Introduction Delirium is a serious neuropsychiatric syndrome, which is common amongst terminally ill patients. It often goes underdiagnosed and undertreated. Early detection may improve patient outcomes. The 4 ‘A’s Test (4AT, is a brief tool for delirium detection in routine clinical practice. It has been validated in 25 studies involving more than 5000 observations. The test is currently used in specialist palliative care units but has not been validated in this setting. The aim of the study was to determine the diagnostic accuracy of the 4AT against a reference standard in hospice inpatients.

Aims The aim of the study was to determine the diagnostic accuracy of the 4AT against a reference standard in hospice inpatients.

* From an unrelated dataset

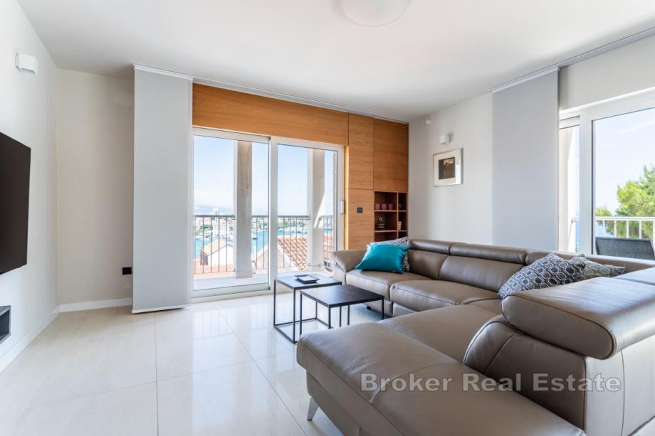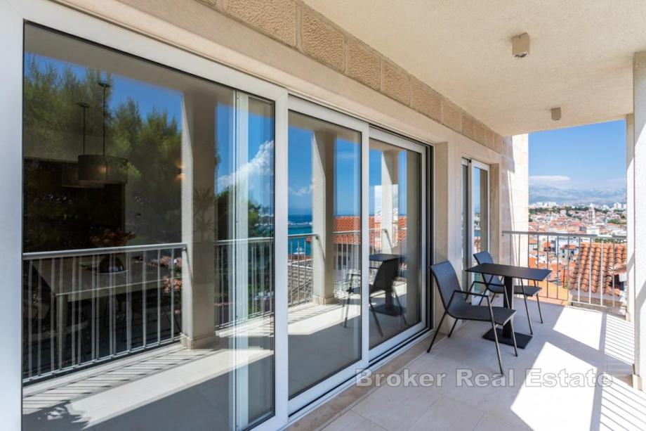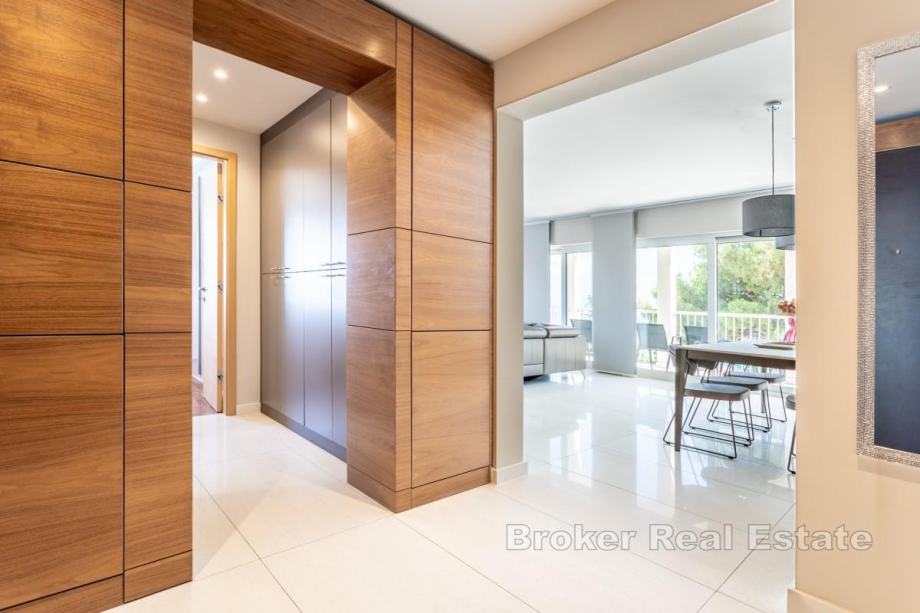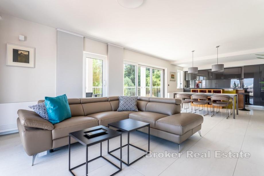 Sastoji se od tri spavaće sobe, hodnika, dva predprostora, kupaonice, dodatnog odvojenog wc-a, ostave i dnevnog boravka s kuhinjom i blagovaonicom iz kojih se pruža panoramski pogled na more i grad.

Methods Test validation study conducted in 2 hospice inpatient units in Scotland, UK. Participants underwent the 4AT and a reference standard, based on the diagnostic delirium criteria in the fifth edition of Diagnostic and Statistical Manual of Mental Disorders (DSM-5). The assessments were conducted, in a randomized order, by pairs of independent raters, who were blinded to the results of the other assessment.

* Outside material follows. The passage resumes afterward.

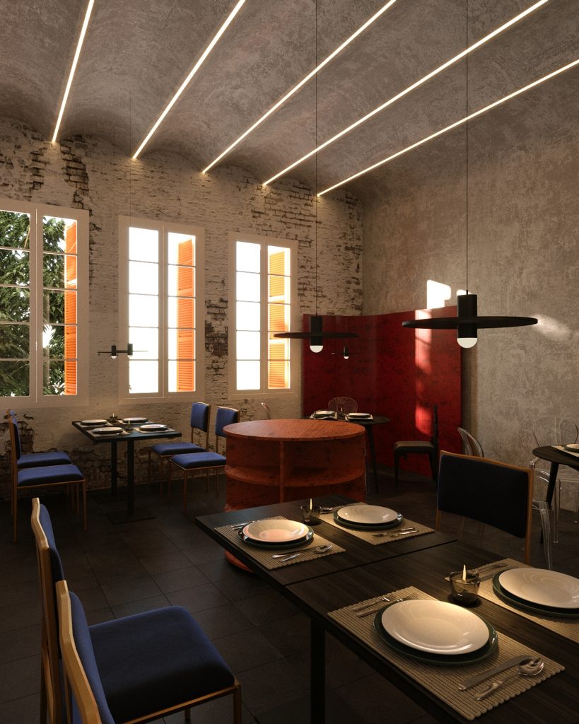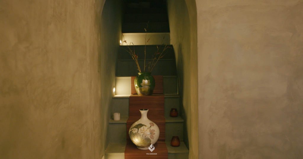 Ngoài ra, một số hạng mục đồ nội thất liên quan trực tiếp tới trải nghiệm khi sinh ra và lớn lên trong lòng Thủ đô của chủ nhà hàng, VG Design đã cùng đội ngũ của Ngoặm thực hiện thủ công, như việc sản xuất ghế, tủ rượu, hiệu ứng sơn hay ánh sáng. Tất cả những chi tiết nhỏ bé hay mộc mạc nhất được thu lượm và chọn lọc để giúp chúng tôi hoàn chỉnh một câu chuyện xuyên suốt cho cả dự án.

Results 148 individuals were recruited, including 14% (19/148) who required a legal proxy to consent on their behalf. 137 participants completed both assessments. Of these, 93% had cancer as their primary diagnosis. Mean age was 70.4 (SD 10.6) years and Karnofsky performance status scale was 44% (SD 14.9). 50% (69/137) of participants died during this hospice admission and 36% (49/137) were discharged home or to another care setting. The outcome was unknown for 14% (19/137). Three participants had an indeterminate diagnosis, so were excluded from analysis. Overall, 33% (44/134) had delirium according to the reference standard assessment. The 4AT had a sensitivity of 88% and a specificity of 94%.

Conclusions The 4AT is a short delirium detection tool, that can be used to detect delirium in patients receiving palliative care. Routine delirium screening using the 4AT on admission to a hospice service is recommended.

Trial Registration International standard randomised controlled trial number (ISRCTN) 97417474.

Conflict of Interest Statement AMJM led the design of the 4AT in 2011 (with others, see; note that the 4AT is free to download and use.